Sideways Rock and Roll Ice Crusher




This has got to be slow and likely slower than those two ice breakers.  I think that until we produce a 500,000 ton nuclear powered hovercraft to do this job, it will remain a very expensive proposition.  A hovercraft will lift the ice causing it to literally be crushed.  Probably still slow enough but still awesomely efficient.

At least this design does allow a much larger version to make real headway in the face of seriously thick ice.  Thus we have a natural breaker design that can even tackle ridges otherwise impassable.  Working in conjunction with the above mentioned nuclear hovercraft cum ice breaker and it should be possible to sustain Arctic shipping..

It also works well with conventional ice breakers for exactly the same reason.  They can get up on top of serious ridges and break them up.

How a New Russian Icebreaker Slices Sideways Through Frozen Sea

BY BIZ CARSON

1:40 PM


The Baltika isn’t adrift—it’s breaking ice. Debuting in the Gulf of Finland in early 2014, the Russian-owned ship will be the first to travel sideways through the frozen stuff. Although smaller than a normal icebreaker, its oblique angle of attack lets it carve a larger path—wide enough for commercial ships to follow. “You would conventionally need two icebreakers to make the same channel,” project manager Mika Willberg says. The vessel can even help with oil spills: The unique hull guides oily water into a hatch, where a skimmer tank separates the oil from the water. The Baltika can crack through ice about 2 feet thick, which makes it suitable for conditions in the Baltic Sea.

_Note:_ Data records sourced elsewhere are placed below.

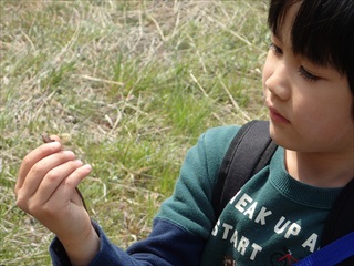 例年並みの寒さが来たおかげで、藤の新芽、コナラの新芽を見ることができました。常緑樹の深緑、地面にはタンポポの黄色、ハルジオンのうつむいたつぼみ、レンゲソウの濃いピンク、空の青色などさまざまな自然の色を観察することができました。
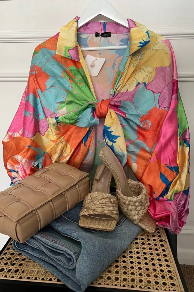 Casual Print Patchwork Turndown Collar Tops(4 Colors)
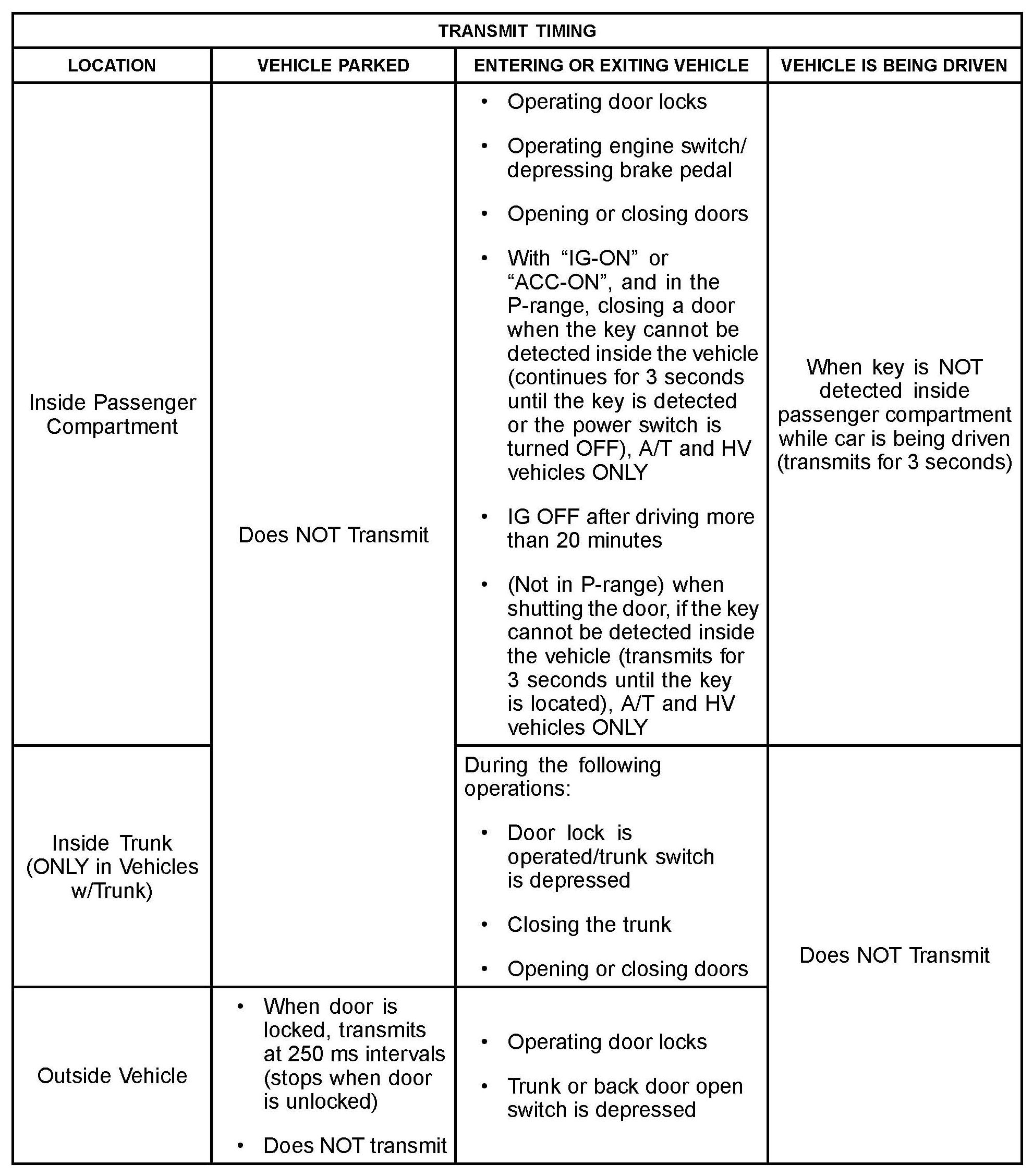 Some customers may inquire about the frequency and power output of the SmartKey/Smart Entry Systems used on various models. The Smart Key/Smart Entry systems conform to all applicable FCC rules. This bulletin details the applicable specifications for these systems.
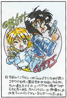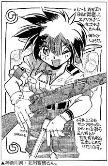 | これは読者コーナーでなくクラブブレットのページに載っちゃった奴。園田先生のサインが欲しくて描いたのだが、結局貰えず葉書が晒された(笑)晒されるんだったらもっといろ塗りちゃんとやってたよ(泣) | ホンとASGに関してはマルイの南部十四年式位しかないことに憂いた葉書。現在KTWで出ている長物は本当にうれしい。(でも高い) ○二式テラ銃・日野小室式 |
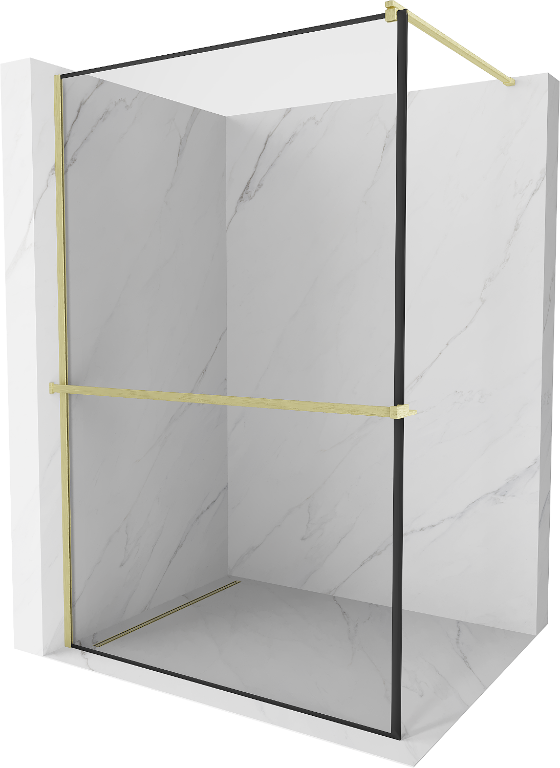 Mexen Kioto+ shower wall with shelf Walk-in 100 x 200 cm, black frame, brushed gold - 800-100-121-55-70
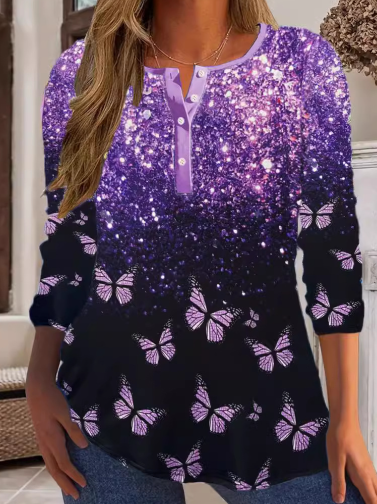 Fashion Crew Neck Long Sleeve Butterfly Loose Mid-Long Blouses - Purple / S is backordered and will ship as soon as it is back in stock.
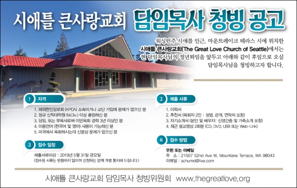 워싱턴주 시애틀 인근, 마운트레이크 테라스 시에 위치한 시애틀 큰사랑교회(The Great Love Church of Seattle)에서 현 담임목사님의 정년퇴임을 앞두고 아래와 같이 후임으로 오실 담임목사님을 청빙하고자 합니다.
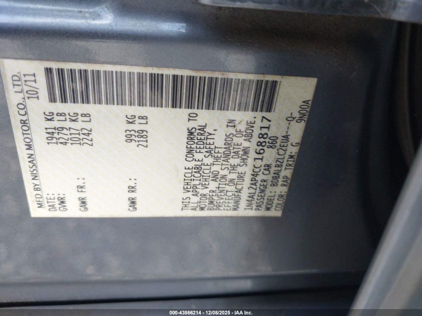 2012 NISSAN ALTIMA - 1N4AL2AP4CC168817, колір - Синій, 2.5, Бензин, Передній привід із США

The ship’s patent holder, Aker Arctic, has a larger ship in the works to cut trade routes through heavier Arctic ice.

Ballast Inside, water and fuel are pumped between tanks so the ship doesn’t roll over.

Roll and Crush Instead of smashing ice head-on, the angled hull lets the ship roll over the ice and use its weight to do the cracking.


Propulsion Three 360-degree thrusters let the ship navigate sideways to attack the ice at a 30-degree angle. Wide SwathThe Baltika cuts a 160-foot path through ice, allowing tankers to follow in its wake.